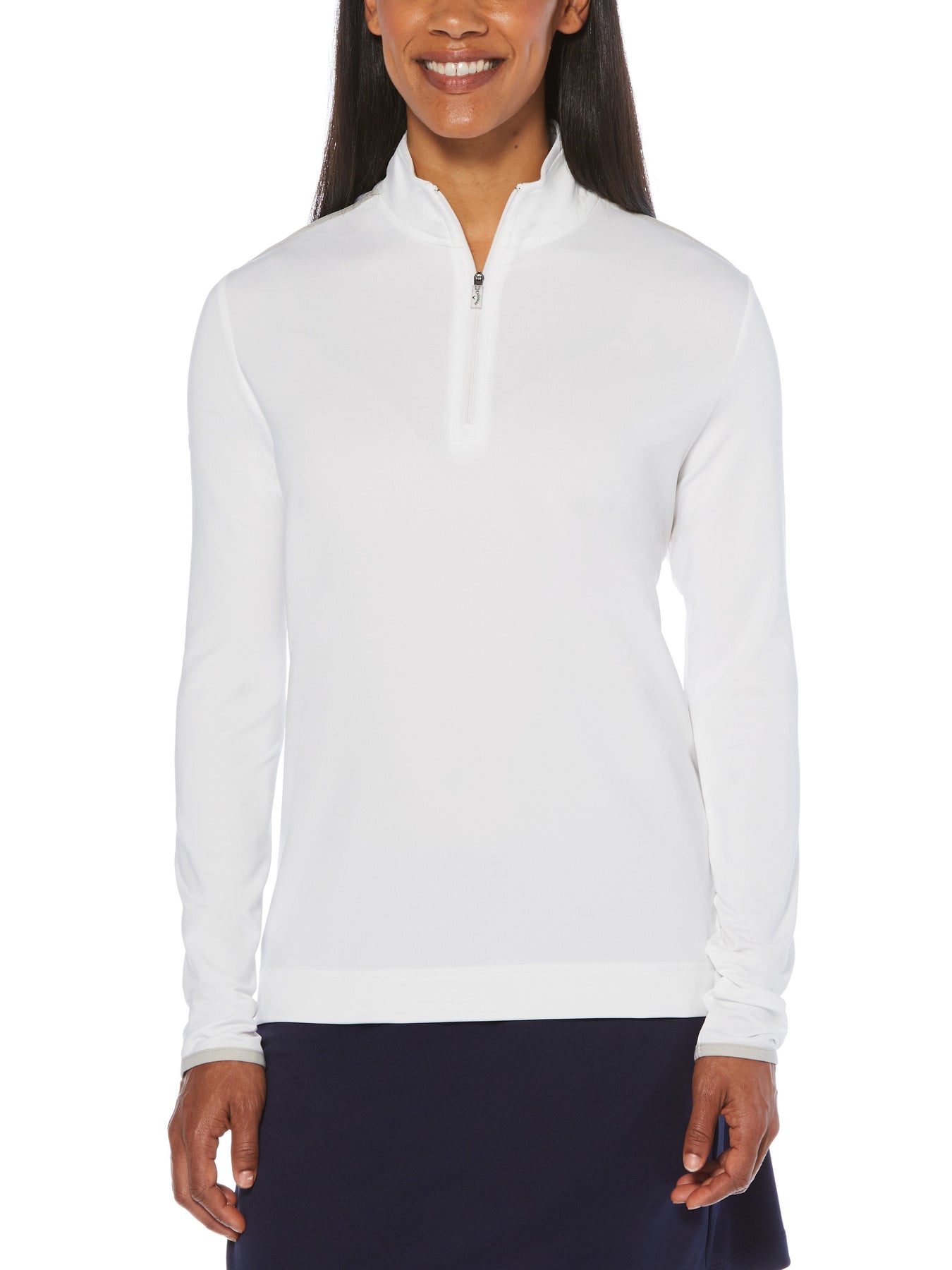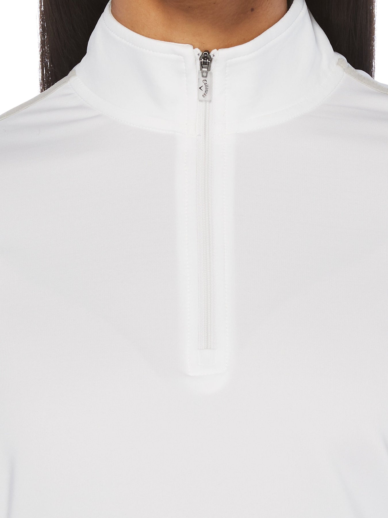 We'll help you move the needle in inclement weather with our Women's 1/4-Zip Mock Performance Pullover from the Callaway Standard Collection, which fuses our most classic look into a roomier fit. A little lighter than our 1/4-zip jacket, our mock pullover is crafted with French Terry to create an exterior with cross-looped texture. We finished it with a horizontal stripe across the shoulder and a Callaway Tour Logo on the right sleeve. Our Opti Dri™ moisture-wicking technology pulls sweat away from your body so you can cool down in the heat, Opti-Stretch allows you to attack the green by providing your arms the freedom to produce a fluid swing and Opti-Shield gives your skin superior protection against the sun's UV rays.
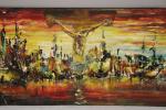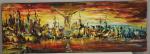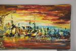 Gérard PAMBOUJIAN: (1941) "Le port de Marseille " Huile sur panneau. H: 50 cm x 148 cm.
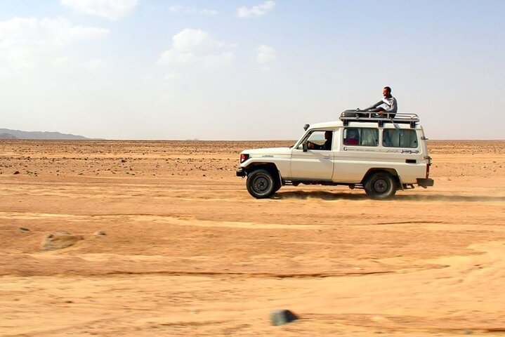 シャルム・エル・シェイクからサラマ・カラード・キャニオンとダハブへのエキサイティングな砂漠と海の冒険に出発しましょう。ジープでシナイの劇的な風景を駆け抜け、キャニオンのそびえ立つ砂岩の壁の間を歩き、クリスタルクリアなスリー・プールズの水辺でリラックスします。

Assignment - Output nothing but an exact retyping of the material, pictures excluded.

Final answer -
 We'll help you move the needle in inclement weather with our Women's 1/4-Zip Mock Performance Pullover from the Callaway Standard Collection, which fuses our most classic look into a roomier fit. A little lighter than our 1/4-zip jacket, our mock pullover is crafted with French Terry to create an exterior with cross-looped texture. We finished it with a horizontal stripe across the shoulder and a Callaway Tour Logo on the right sleeve. Our Opti Dri™ moisture-wicking technology pulls sweat away from your body so you can cool down in the heat, Opti-Stretch allows you to attack the green by providing your arms the freedom to produce a fluid swing and Opti-Shield gives your skin superior protection against the sun's UV rays.
 Gérard PAMBOUJIAN: (1941) "Le port de Marseille " Huile sur panneau. H: 50 cm x 148 cm.
 シャルム・エル・シェイクからサラマ・カラード・キャニオンとダハブへのエキサイティングな砂漠と海の冒険に出発しましょう。ジープでシナイの劇的な風景を駆け抜け、キャニオンのそびえ立つ砂岩の壁の間を歩き、クリスタルクリアなスリー・プールズの水辺でリラックスします。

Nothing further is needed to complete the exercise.